One thing that people worry about when they decide to use a surrogate is that the surrogate may want to keep the baby after the child is born. They don’t want there to be any legal drama at such an important time, and they certainly do not want to see their plans to start a family fall through.
But is there any reason to feel concerned about this? If a surrogate feels connected to the child after carrying them and giving birth, can they change their mind and decide to keep the child?
You should be legally protected from this outcome
The answer it, “It depends.” It depends on the genetics used to create the embryo the surrogate gestates, the law of the state which is applied and under which jurisdiction is established, and compliance with any applicable surrogacy law that may be in effect in that jurisdiction.

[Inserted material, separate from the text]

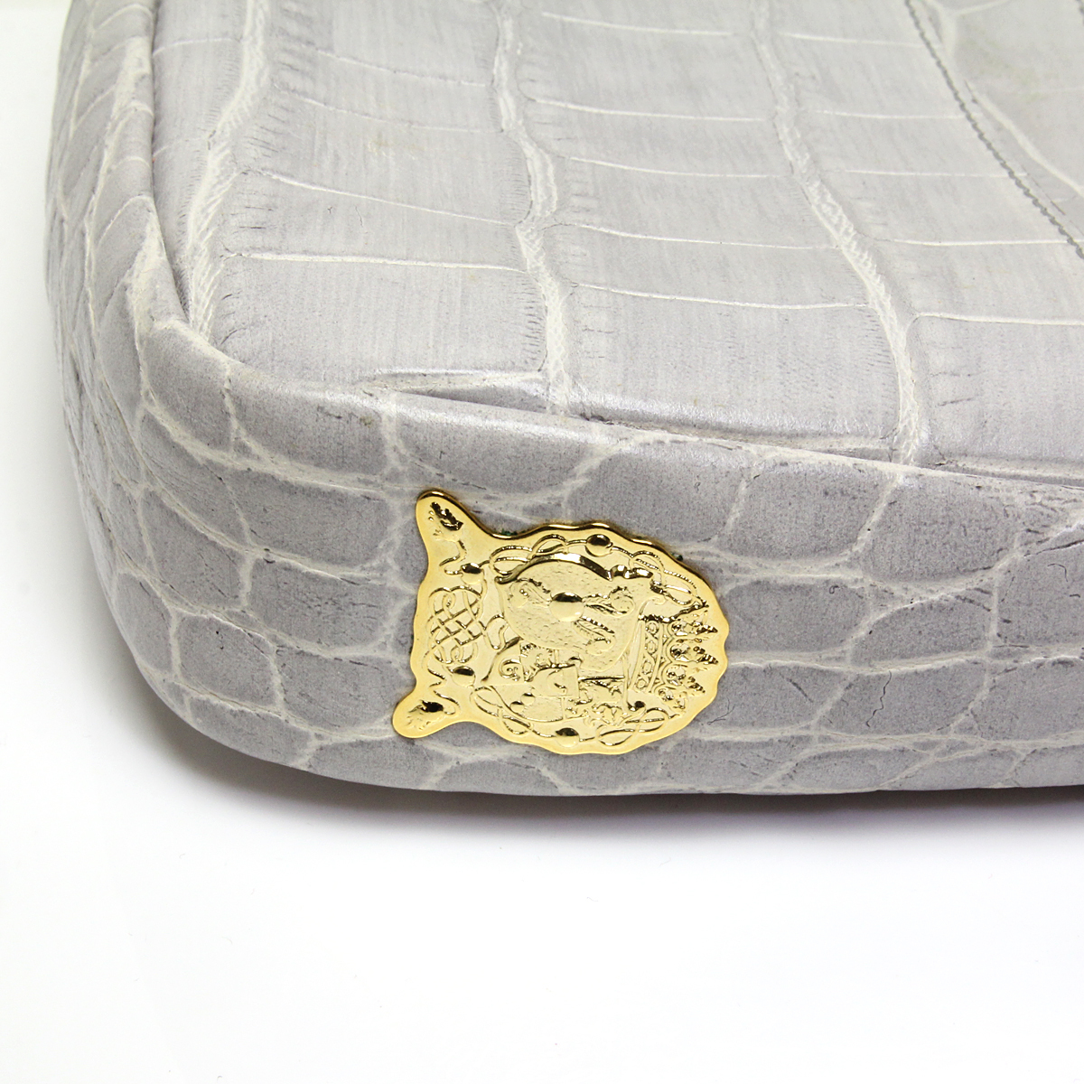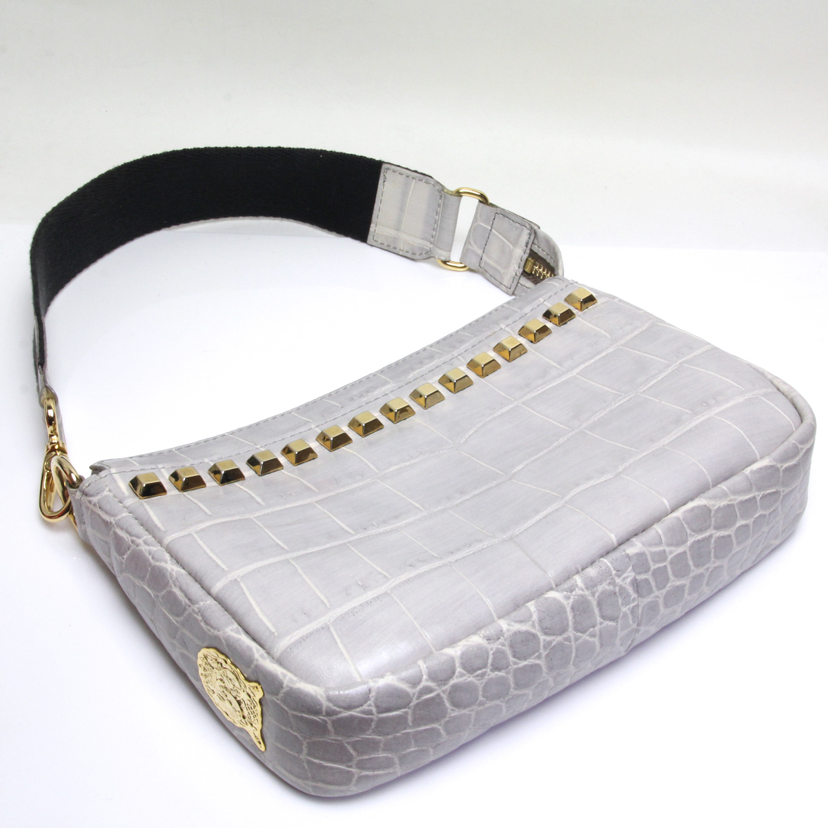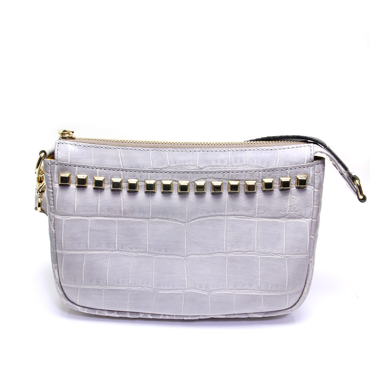 ADMJ クロコ 型押し スタッズ アクセサリポーチ ミニショルダー バッグ グレー

By way of introduction, there was an anecdotal study referenced in a magazine article in 2002 relating the outcomes of approximately fifteen thousand surrogacies nationwide. There were only 87 contested cases between the surrogates and the intended parents. Surprisingly, only twenty-seven were surrogates who were attached to the child while the other sixty-two were intended parents who were unwilling to accept the child. Thus, it is highly, highly unlikely any properly screened and supported surrogate will actually attempt to keep the child she gestates, and this should NOT be a significant worry for intended parents entering the process.
That being said, under some very limited circumstances, a surrogate may successfully assert parental rights. In every contested surrogacy case to date involving a traditional (genetic) surrogate whose own egg is fertilized with the intended father’s sperm via intrauterine insemination, the traditional surrogate has been awarded parental rights, but not always custody. This results in the genetic father and the surrogate sharing legal parentage with some sort of court awarded custody arrangement. The legal unreliability of traditional surrogacy should the surrogate change her mind is why many professionals from physicians to attorneys to matching agency owners choose not to participate in or facilitate such an arrangement. Although such arrangements remain legally permissible and able to achieve the intended result in most states so long as all the parties, particularly the surrogate, remain consenting to and cooperative in the legal proceedings, such professionals deem the risk of her succeeding in a disputed case too onerous to affirm such arrangements no matter the reliability or greater risk tolerance of the parties.
In addition, it depends on the law of the state in which the disputed parentage case may arise. If the state has an existing surrogacy law that sets forth certain requirements for the process (i.e., Louisiana in which only uncompensated surrogacy is allowed using joint genetics of the intended parents), if a surrogacy arrangement does not comply with the statutory requirements or limitations, the legal result is often awarding parentage to the surrogate despite the genetics used. A careful and clear reading and understanding of all applicable parentage and surrogacy law, and full compliance with it, is highly recommended to avoid any possible unintended outcomes.
On the other hand, in all but one aberrant ruling nationwide, in every contested case to date involving a gestational (non-genetic) surrogate who has received an embryo via in vitro fertilization and transfer of embryos created with the genetics of others, the intended parents have always been awarded sole parentage and custody of their child. In such cases, the courts generally find a way under whatever law governs to effect the intent of the parties.
That said, this does show why it’s important to have the right legal protections in place. The surrogate should sign a contract dictating that they will give you the child after it is born, allowing you to take on parental rights. Having the right paperwork in place is critical.
Psychological screenings happen in advance
It is important to note that most surrogates are not just people who volunteer on their own and get to make that decision without oversight. With the occasional exception of surrogates who match online with aspiring parents without the advice of experienced professionals, reputable matching agencies and fertility clincis typically require all prospective surrogates to go through extensive psychological screening to be cleared to participate in the process. In this process, experts will carefully consider their mental and emotional state. It’s known that this can be a difficult process, so surrogates can work with therapists every step of the way.
Why do people worry about this?
Despite the rarity of a surrogate wanting to keep a child and the even rarer circumstances under which she may be able to, why do people sometimes worry about it? The confusion comes from the fact that the rare cases of parentage disputes are highly publicized while the overwhelming cases of cooperative, happy outcomes receive little attention. The media prefers a highly sensationalized version of surrogacy rather than the stable, successful, and uneventful process it actually is. Thus, the surrogacy cases of which aspiring parents are aware are the rare contested exceptions, not the thousands and thousands of happy endings.
Nevertheless, these happy endings depend on following the steps for a reliable surrogacy process which include at a minimum having reliable legal advice regarding the law of the state which will apply and the proper legal paperwork in place in advance. If you do, everything should go smoothly.